▶ WHAT TO WORK ON:
Write out, with no changes, every line starting at the one that contains "Quizlet веб-сервисінің басты" and ending at the last line of the data below. Leave pictures out.

▶ STORED DATA:
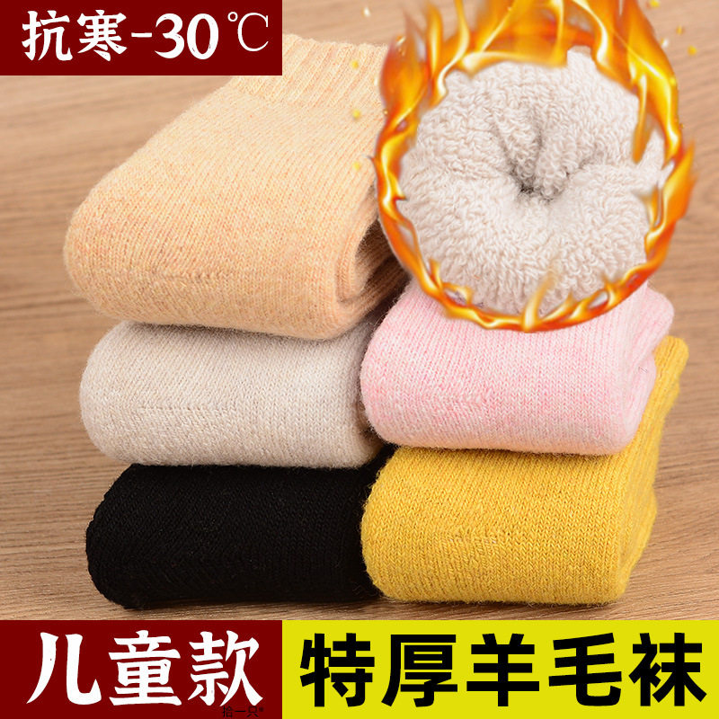 📚 东北哈尔滨旅游儿童羊毛袜冬季加厚加绒保暖毛圈袜中筒男童女童
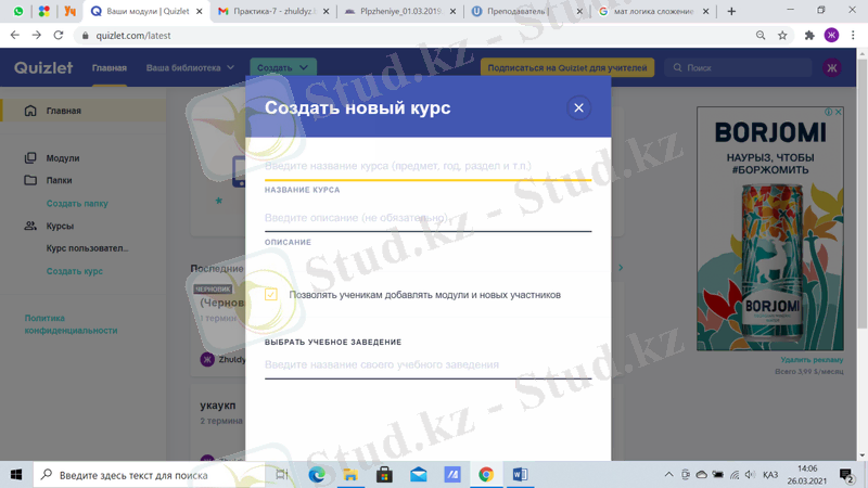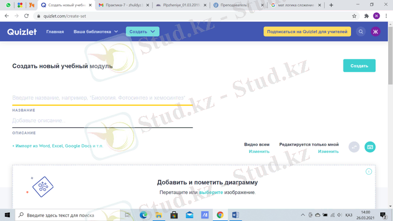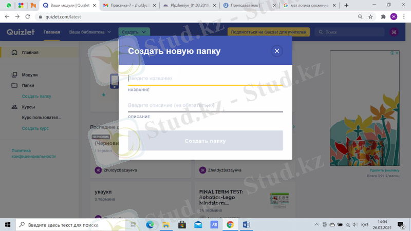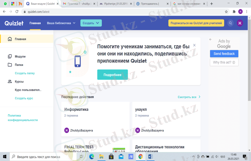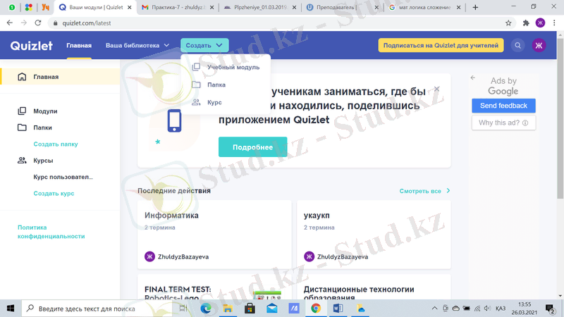 Quizlet веб-сервисінің басты терезесінің сол жағында модульдер, бумалар және курстар құруға арналған терезе орналасқан. «Последние действия» жолында соңғы құрылған тапсырмалар, модульдер немесе курстар көрінеді. Тапсырма құру үшін басты терезенің жоғары бөлімінде орналасқан «Создать» батырмасын басу керек (89-сурет) . «Создать» батырмасын басқаннан кейін не құру керек туралы сұрақ туындайды. «Учебный модуль» тапсырма құрады (90-сурет) .
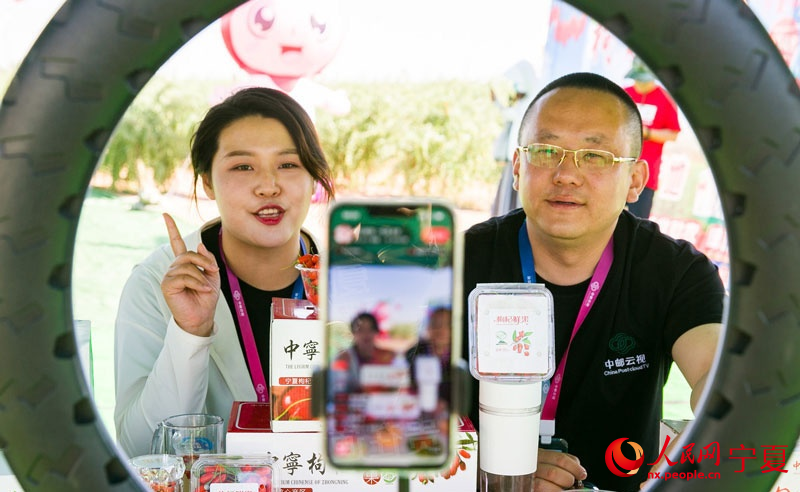 商戶在枸杞地里直播售賣枸杞。人民網 張海峰攝
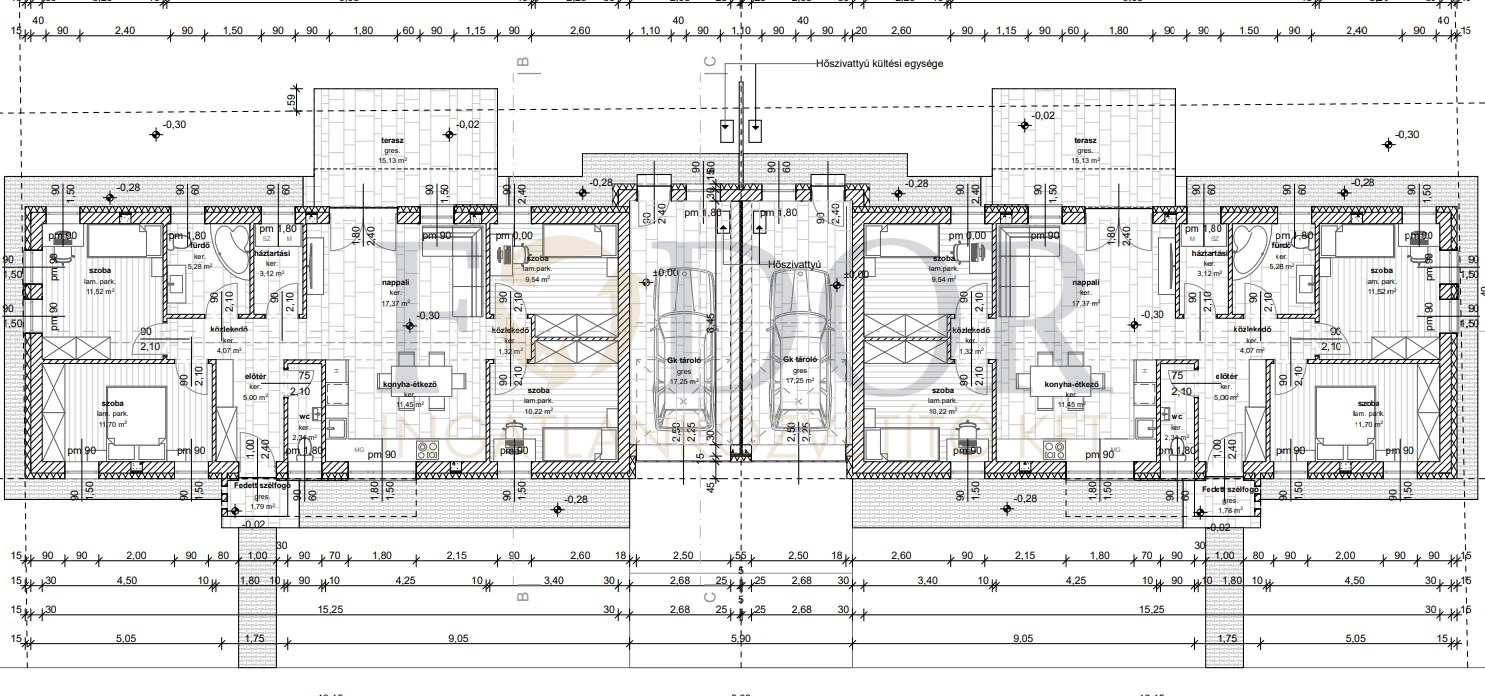 Saját garázs: 17 m² - gépészeti helyiséggel

▶ ANSWER FOR THIS EXERCISE:
 Quizlet веб-сервисінің басты терезесінің сол жағында модульдер, бумалар және курстар құруға арналған терезе орналасқан. «Последние действия» жолында соңғы құрылған тапсырмалар, модульдер немесе курстар көрінеді. Тапсырма құру үшін басты терезенің жоғары бөлімінде орналасқан «Создать» батырмасын басу керек (89-сурет) . «Создать» батырмасын басқаннан кейін не құру керек туралы сұрақ туындайды. «Учебный модуль» тапсырма құрады (90-сурет) .
 商戶在枸杞地里直播售賣枸杞。人民網 張海峰攝
 Saját garázs: 17 m² - gépészeti helyiséggel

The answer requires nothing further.